INSTRUCTIONS TO FOLLOW: Every entry that follows should be output again, word for word.

◆ ◆ ◆ ◆

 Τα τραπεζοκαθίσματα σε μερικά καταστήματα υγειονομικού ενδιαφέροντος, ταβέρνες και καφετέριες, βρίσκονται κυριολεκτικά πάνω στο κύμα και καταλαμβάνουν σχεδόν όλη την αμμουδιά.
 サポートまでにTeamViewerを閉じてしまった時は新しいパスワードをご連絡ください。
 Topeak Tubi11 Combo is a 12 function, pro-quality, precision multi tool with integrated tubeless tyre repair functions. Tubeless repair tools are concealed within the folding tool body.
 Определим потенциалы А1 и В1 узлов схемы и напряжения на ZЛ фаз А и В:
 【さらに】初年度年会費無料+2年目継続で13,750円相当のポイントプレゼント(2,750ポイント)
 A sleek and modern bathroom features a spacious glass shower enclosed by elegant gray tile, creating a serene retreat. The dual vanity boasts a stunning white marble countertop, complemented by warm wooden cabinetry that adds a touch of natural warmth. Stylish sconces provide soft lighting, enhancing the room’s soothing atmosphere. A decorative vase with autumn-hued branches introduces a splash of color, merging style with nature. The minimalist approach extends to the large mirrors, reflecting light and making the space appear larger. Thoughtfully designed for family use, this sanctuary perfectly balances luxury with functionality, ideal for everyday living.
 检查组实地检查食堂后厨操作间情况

◆ ◆ ◆ ◆

SOLUTION:
 Τα τραπεζοκαθίσματα σε μερικά καταστήματα υγειονομικού ενδιαφέροντος, ταβέρνες και καφετέριες, βρίσκονται κυριολεκτικά πάνω στο κύμα και καταλαμβάνουν σχεδόν όλη την αμμουδιά.
 サポートまでにTeamViewerを閉じてしまった時は新しいパスワードをご連絡ください。
 Topeak Tubi11 Combo is a 12 function, pro-quality, precision multi tool with integrated tubeless tyre repair functions. Tubeless repair tools are concealed within the folding tool body.
 Определим потенциалы А1 и В1 узлов схемы и напряжения на ZЛ фаз А и В:
 【さらに】初年度年会費無料+2年目継続で13,750円相当のポイントプレゼント(2,750ポイント)
 A sleek and modern bathroom features a spacious glass shower enclosed by elegant gray tile, creating a serene retreat. The dual vanity boasts a stunning white marble countertop, complemented by warm wooden cabinetry that adds a touch of natural warmth. Stylish sconces provide soft lighting, enhancing the room’s soothing atmosphere. A decorative vase with autumn-hued branches introduces a splash of color, merging style with nature. The minimalist approach extends to the large mirrors, reflecting light and making the space appear larger. Thoughtfully designed for family use, this sanctuary perfectly balances luxury with functionality, ideal for everyday living.
 检查组实地检查食堂后厨操作间情况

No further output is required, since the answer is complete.